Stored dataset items
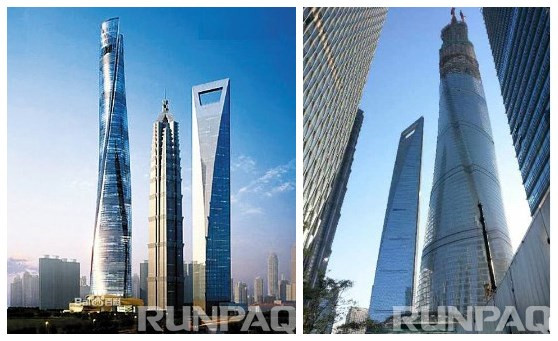 圖1、上海中心效果圖(左一位上海中心大廈) 圖2、上海中心施工現場
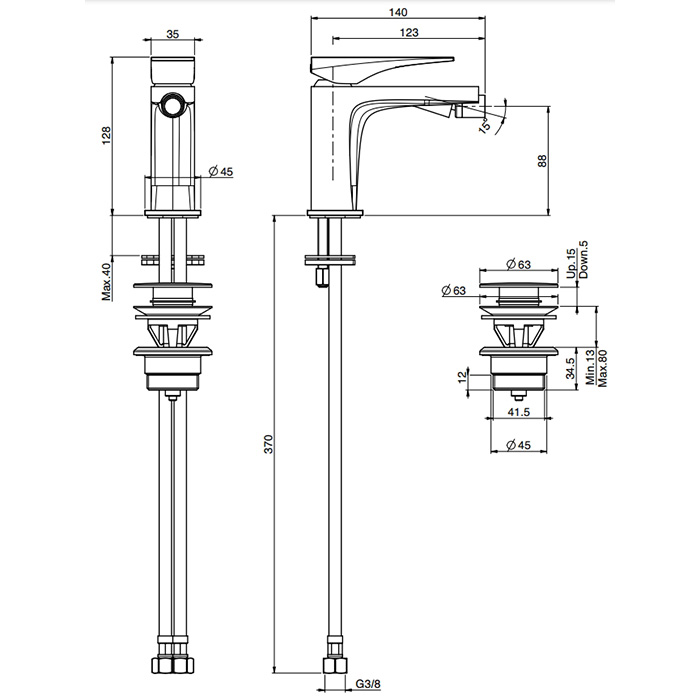 Смеситель для биде Fima Carlo Frattini Zeta на 1 отверстие, с донным клапаном, чёрный матовый F3962NNS.1
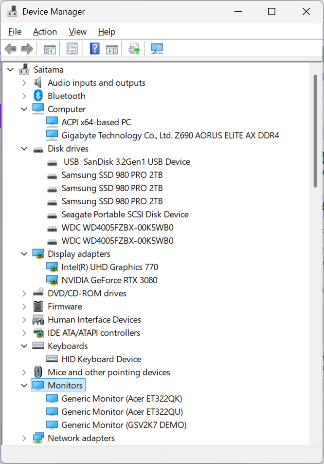 The third monitor (not the primary one - GSV2K7) is actually a third 32” Acer on a KVM switch - switches between Windows and a MacMini (Mac is currently off and all 3 monitors doing Windows).
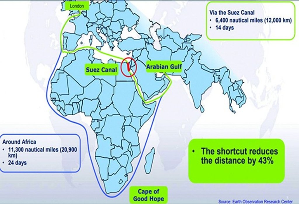 Historically, no project has impacted international relations as much as the construction of the Suez Canal. It is difficult to imagine any human achievement that could have altered the status of natural borders more dramatically. With a simple geographic surgical operation, the entire continent of Africa was reduced to a single metre. Due to its unique geographical location, the canal has become one of the most important canals and straits in the world. Its vital importance lies in its status as the most important trade artery linking the eastern and western hemispheres, and in its position as the shortest shipping route, reducing the distance traveled by ships crossing from the Red Sea to the Mediterranean and on to the Atlantic Ocean compared to using the Cape of Good Hope route around Africa.
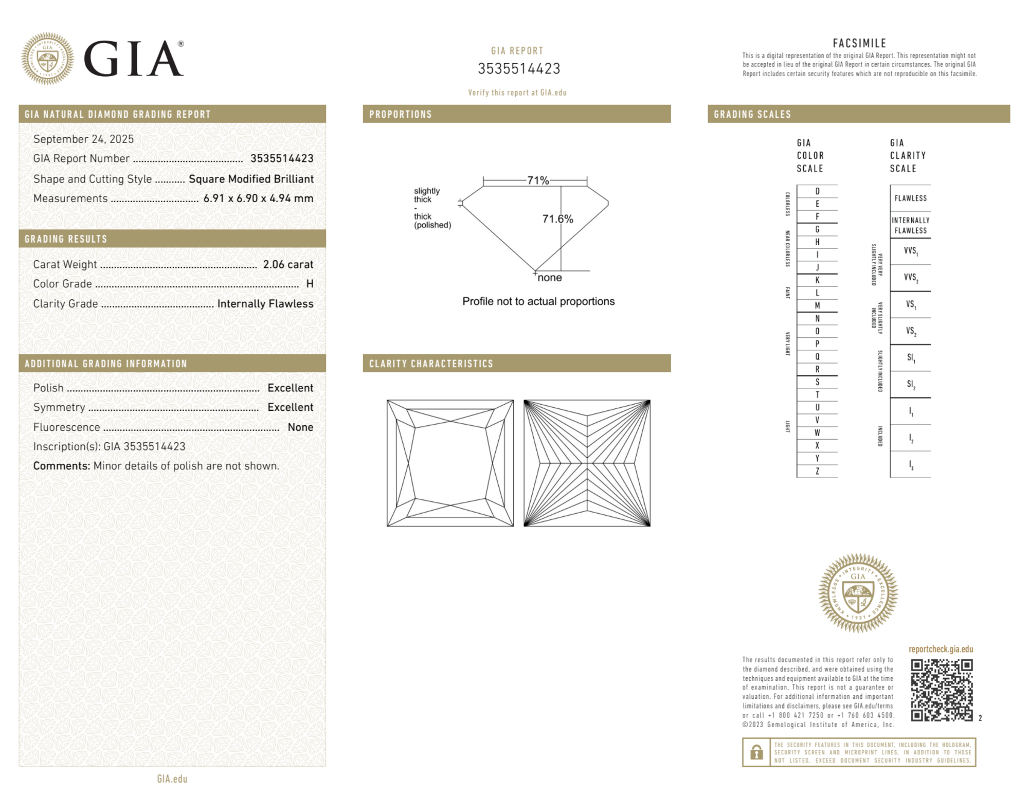 Your 2.06 carat Princess natural diamond is graded H color (Near Colorless), and you can read more about H color diamonds here.

_EXERCISE GOAL:_ Once the line containing "The third monitor" has been located, transcribe exactly and only every line from the first line of the entries through it, excluding pictures.

_REPLY:_
 圖1、上海中心效果圖(左一位上海中心大廈) 圖2、上海中心施工現場
 Смеситель для биде Fima Carlo Frattini Zeta на 1 отверстие, с донным клапаном, чёрный матовый F3962NNS.1
 The third monitor (not the primary one - GSV2K7) is actually a third 32” Acer on a KVM switch - switches between Windows and a MacMini (Mac is currently off and all 3 monitors doing Windows).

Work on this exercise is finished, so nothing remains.